Out of the 49 significant linguistic summaries linking ESG, E, S, and G with ROA from a pool of 573 Multilatinas (count with repetition) over the 2014–2022 period, 13 were found to be located in bluntly forbidden areas. Although a significant number of these companies have a favorable ROA, they do not show any commitment to the sustainability of their region. Given the prevailing environmental, economic, and social challenges confronting our society, governments and corporations in Latin America must prioritize high-impact actions that address and contribute to sustainability strategies, in accordance with the recommendations of international frameworks, such as the SDGs.

Moreover, 20 summaries place a wide range of Multilatinas in low warning zones. Among them, companies with an unfavorable ROA would benefit from a policy intervention aimed at enhancing their financial performance to maintain or improve their ESG indexes and components. Furthermore, a limited number of companies in this area report moderate ESG indices despite having a favorable ROA. Given their small number, they have no negative impact on the region, yet they possess considerable potential to further engage with ESG issues.

The presence of the remaining 16 summaries in high-warning zones suggests the existence of two different scenarios. First, the quantity of companies associated with unfavorable ROA is measured with the uncertain term “Half”, which suggests that despite having a high ESG commitment, they would benefit from a timely policy aimed at improving their finances. The region faces significant vulnerability as these companies may deviate from the path to sustainability that has been attained, should they not receive adequate financial assistance. Second, the number of Multilatinas that exhibit favorable ESG, E, S, G, and ROA is insufficient to yield a positive diagnosis of sustainability. Consequently, additional companies must engage in these dynamics.

6. Conclusion

This paper proposes a methodology based on an uncertain mining technology that identifies linguistic summaries to capture the relationships of ESG and its components with a financial metric. This information is thereafter used to diagnose the sustainability of a region through uncertain mining conceptual diagrams. This is a pioneering initiative that may be applied globally to assess the financial performance of companies within a specific geographic region, while also considering their ESG commitments. It facilitates a comprehensive monitoring of the progress towards achieving the SDGs outlined in the 2030 agenda.

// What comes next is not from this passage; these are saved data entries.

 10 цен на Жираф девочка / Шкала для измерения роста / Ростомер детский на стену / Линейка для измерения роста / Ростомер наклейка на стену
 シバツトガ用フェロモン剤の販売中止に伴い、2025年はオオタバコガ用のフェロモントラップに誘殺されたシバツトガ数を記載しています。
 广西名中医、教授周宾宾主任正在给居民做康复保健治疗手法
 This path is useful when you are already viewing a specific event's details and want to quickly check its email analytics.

As a methodological instantiation, the diagrams illustrate the linguistic relationships of ESG and its components with the ROA financial metric for a large group of Multilatinas. All these relationships are located in areas designated as forbidden or warning zones, which suggests the need for a comprehensive and effective policy in the Latin American region that establishes shared sustainability objectives for corporate entities. However, the knowledge management obtained from the linguistic summaries identified provides political, regulatory, and economic entities with accurate, relevant, updated, and reliable information for their decision-making processes. This will benefit companies that exhibit a stronger commitment to sustainability. When the financial metric is changed to Tobin’s Q, a diagnosis that coincides with the previous findings is presented.

It should also be highlighted that among the linguistics identified, there is not a single representative group (whether medium or large) of Multilatinas located in the most desirable zone of the diagrams, i.e. groups that exhibit exemplary leadership in their adherence to the sustainability standards.

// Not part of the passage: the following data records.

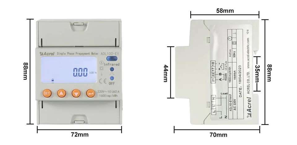 Acrel compteur électrique monophasé prépayé ADL100-EYZ/F support carte radiofréquence et prépaiement en ligne 1 RS485
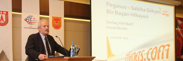 Pegasus Havayolları Genel Müdürü Sertaç Haybat, “İstanbul ve Bölgenin Hızla Artan Hava Ulaşım Talebi ve Sabiha Gökçen Havalimanı’nın Rolü” konulu konferansta Sabiha Gökçen’de yaşadıkları zorluklardan bahsetti.
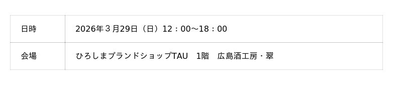 【日時】2026年3月28日(土) 【場所】ひろしまブランドショップTAU(東京都中央区銀座1-6-10)
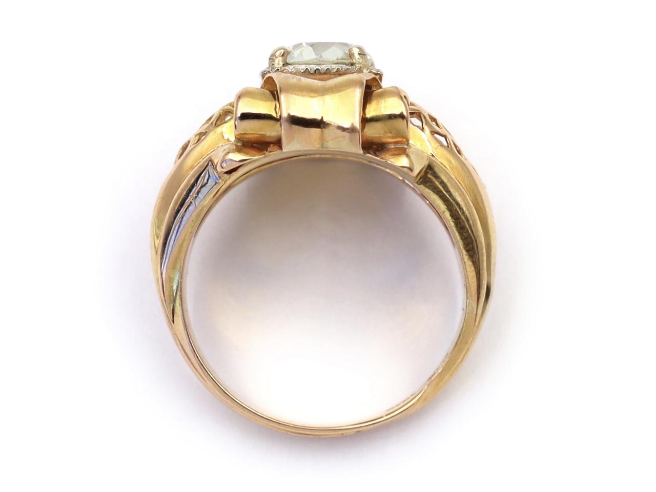 1940s cushion shape diamond engagement ring in 18kt yellow gold
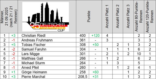Deutscher Towerrunning Cup 2025 - Ranking komplett (Männer)
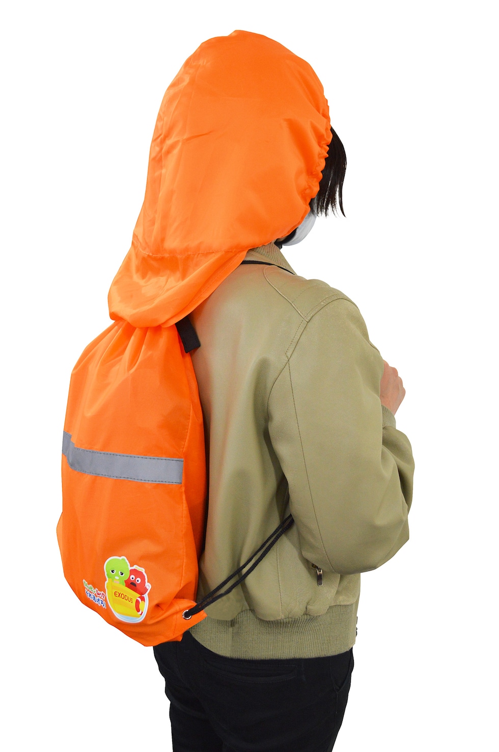 ● バックパックは、 “防風・防塵”中綿入りフード、夜間の視認に安全な
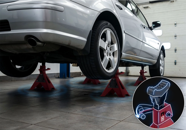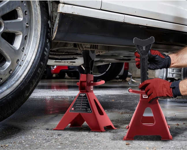 - Sikker støtte ved arbejde under køretøjet – pålidelig sikring efter løft med donkraft.

Finally, this study emphasizes the significance of uncertain mining as an analytical tool that leverages human language and represents a state-of-the-art and promising technology with broad applicability across many domains, including the natural sciences, social sciences, engineering, business, and medicine.

7. Limitations

Alternative AI-driven measures to the ESG index should be considered to reflect in real time the companies' sustainability commitments and investments and other financial performance measures. The effectiveness of the technology proposed herein relies on the availability and veracity of the ESG data supplied by the businesses under study. Additionally, the suggested uncertain mining can be expanded by the use of natural language to establish complex relationships involving several propositions in predicate logic. In addition, the expansion could be achieved by making use of uncertain random logic or uncertain random entailment, as in Liu and Yao (2017). It can also be further refined to identify the specific companies comprising a given linguistic summary. Finally, the application developed targets a specific group of Multilatinas, but it has the potential to be expanded to include broader groups, other regions, or continents.

Figures

Ordered representation of the dimensions defined in items ii-a), b), and e) of the linguistic summaries

Figure 1

Ordered representation of the dimensions defined in items ii-a), b), and e) of the linguistic summaries

Uncertainty mining conceptual diagram to identify the relationship of ESG and its components with ROA financial performance

Figure 2

Uncertainty mining conceptual diagram to identify the relationship of ESG and its components with ROA financial performance

Signals to diagnose the sustainability of a region with the linguistics identified through uncertain mining technology

Figure 3

Signals to diagnose the sustainability of a region with the linguistics identified through uncertain mining technology

Uncertainty mining conceptual diagram to establish the relationships of ESG and its components with financial performance (ROA) in Multilatinas

Figure 5

Uncertainty mining conceptual diagram to establish the relationships of ESG and its components with financial performance (ROA) in Multilatinas

Diagnosis of sustainability in Latin America expressed as linguistic summaries found with uncertain mining technology in Multilatinas

Figure 6

Diagnosis of sustainability in Latin America expressed as linguistic summaries found with uncertain mining technology in Multilatinas

Quantifier membership functions

Figure A1

Quantifier membership functions

Subject membership functions

Figure A2

Subject membership functions

Predicate membership functions

Figure A3

Predicate membership functions

Uncertainty mining conceptual diagram to establish the relationship of ESG and its individual components with Tobin’s Q financial performance in Multilatinas

Figure A4

Uncertainty mining conceptual diagram to establish the relationship of ESG and its individual components with Tobin’s Q financial performance in Multilatinas

Count with repetition of Multilatinas with available data in Refinitiv from 2014 to 2022 (as at 14/07/2023)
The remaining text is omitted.